Les directeurs financiers redonnent la priorité à la croissance
L’optimisme gagne du terrain parmi les directeurs financiers des grandes entreprises françaises, montre la quatrième édition du baromètre d’opinion publié par le cabinet Deloitte. Sur un échantillon de 76 dirigeants interrogés du 25 mars au 9 avril, une proportion de 67% place désormais la croissance organique au premier rang des priorités stratégiques, cette composante prenant pour la première fois le pas sur la réduction des coûts citée par 51% d’entre eux. Viennent ensuite l’innovation et la diversification géographique (42%) et la volonté de dégager des flux de trésorerie plus abondants (39%).
Estimant à 91% que le niveau bas de l’inflation est voué à perdurer, ils mettent en avant à 70% la nécessité de mesures de modération salariale.

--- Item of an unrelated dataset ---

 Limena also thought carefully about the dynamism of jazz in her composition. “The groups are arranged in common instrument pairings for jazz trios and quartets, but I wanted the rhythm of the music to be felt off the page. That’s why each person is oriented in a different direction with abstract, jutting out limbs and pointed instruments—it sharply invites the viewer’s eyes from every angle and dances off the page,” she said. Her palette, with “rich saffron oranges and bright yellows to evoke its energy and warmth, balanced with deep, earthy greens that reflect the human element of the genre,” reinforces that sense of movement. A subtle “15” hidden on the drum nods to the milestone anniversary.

Par rapport au précédent baromètre de l’automne 2013, les deux tiers des directeurs financiers estiment avoir respecté leurs prévisions d’investissements et un quart d’entre eux jugent les avoir dépassés, motivés par «la nécessité de renforcer la position concurrentielle de l’entreprise en période de sortie de crise».

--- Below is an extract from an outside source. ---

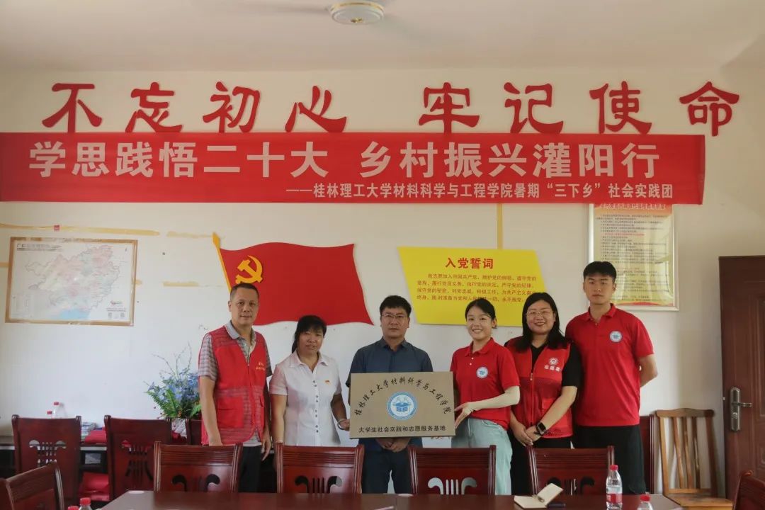 水车镇副镇长蒋喜祥、江塘村支书盘月秀、驻村第一书记袁小军等热烈欢迎实践团的到来,并与实践团成员们开展了座谈。随后,研究生第二党支部副书记赵思聪老师和蒋喜祥副镇长等共同为支部捐赠的“红色书角”揭牌;赵老师代表研究生第二党支部向村委会赠送慰问品;为进一步加强交流合作,促进各项帮扶工作落到实处,实践团代表学院与江塘村举行大学生社会实践和志愿服务基地挂牌仪式。

Pour l’avenir, ils misent principalement sur des investissements de capacité et d’extension de gamme, 82% d’entre eux indiquant que leurs décisions d’investissement «ne seront pas influencées» par les mesures annoncées par le précédent gouvernement en faveur des baisses de charges. En dehors des investissements de capacité qui recueillent 42% de leurs suffrages pour le recyclage d’excédents de trésorerie, 43% songent à des opérations de croissance externe. Une grande partie des directeurs financiers interrogés (80%) table sur une hausse des fusions et acquisitions en France au cours des six prochains mois, contre 75% à l’automne dernier et 48% en avril 2013.
Interrogés sur les conditions de financement, ils perçoivent un accès plus facile au crédit (34% contre 28% voici six mois) et s’intéressent davantage aux solutions de financement désintermédié (73% de l’échantillon contre 30%), en premier lieu aux obligations. Mais le principal levier d’amélioration de la trésorerie reste l’optimisation du BFR (cité par 79% des répondants), devant la diversification des sources de financement (47%) et la renégociation des emprunts en cours (28%). Les directeurs financiers regrettent enfin de ne pouvoir consacrer assez de temps aux questions liées à la responsabilité sociale de l’entreprise, aux sujets réglementaires et prudentiels ainsi qu’à la gestion des risques.